# Prove that $\sum_{n=0}^\infty \frac{1}{(2n+1)^2}=\frac{\pi^2}{8}$

I am asked to prove that $$\sum_{n=0}^\infty \frac{1}{(2n+1)^2}=\frac{\pi^2}{8}.$$ However, I am asked to prove it using the fact that $$\frac{\pi}{2}\tan\left(\frac{\pi}{2}z\right)=\sum_{m \text{ odd}}\left(\frac{1}{m-z}-\frac{1}{m+z}\right),$$ where $$z\in \mathbb{C}$$, which is something I proved in a previous exercise.

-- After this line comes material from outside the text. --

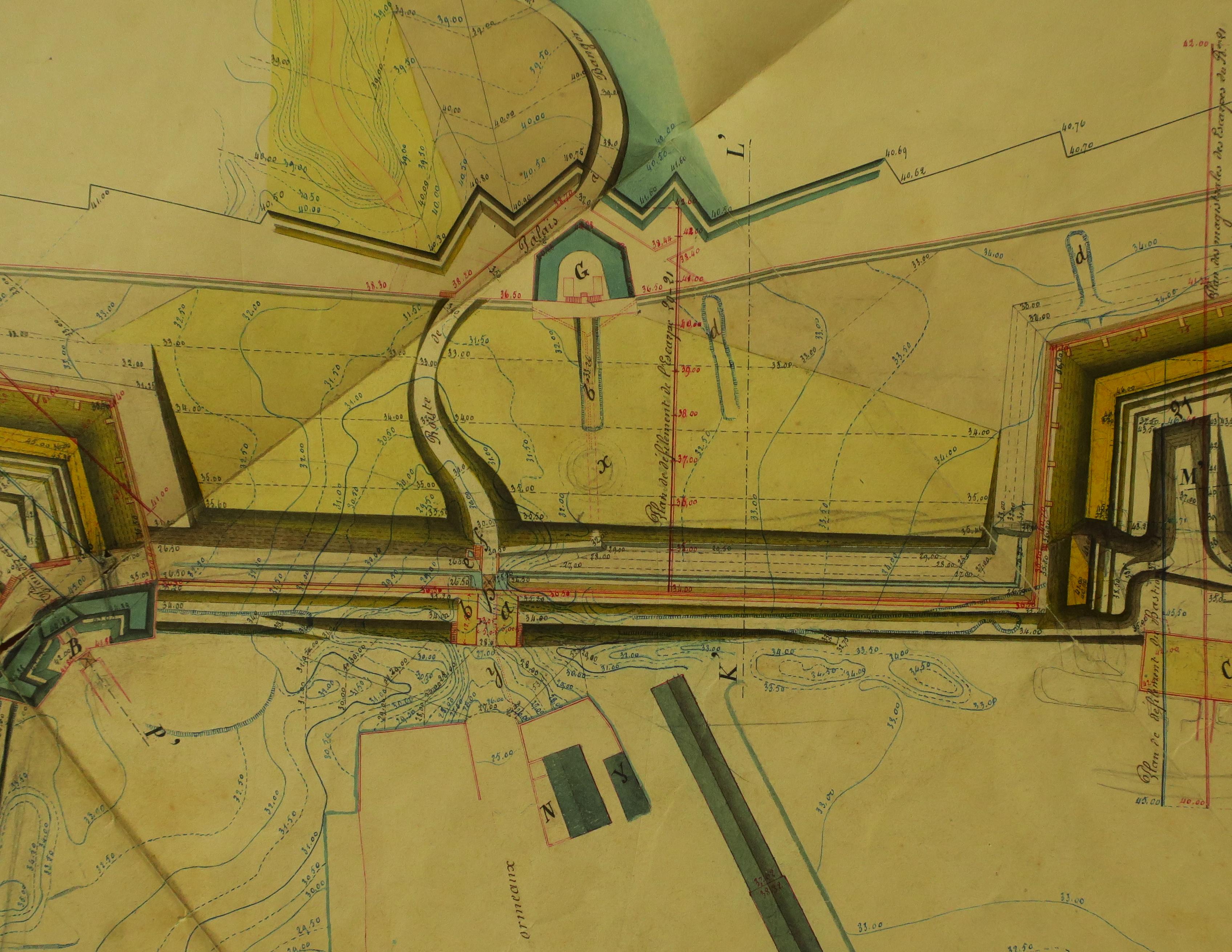 Service historique de la Défense, département Armée de Terre, Vincennes. Archives du Génie ; Article 8, Places françaises et d'Algérie : 1 VH 295, Place de Belle-Île-en-Mer, projets et dépenses annuels, 1858-1859. Direction du Génie de Brest, Place de Belle-Ile, feuille n° 6 des projets pour 1858-1859, 29 décembre 1857.

My first thought was using the fact that $$\frac{1}{m-z}-\frac{1}{m-z}=\frac{2z}{m^2-z^2}$$ and therefore $$\sum_{m \text{ odd}}\left(\frac{1}{m-z}-\frac{1}{m+z}\right)=\sum_{m \text{ odd}}\frac{2z}{m^2-z^2}=\sum_{n=0}^\infty \frac{2z}{(2n+1)^2-z^2}.$$ This last series is similar to the one I am aiming at, but I don't know how to transform it into the one that I want. Can someone help me?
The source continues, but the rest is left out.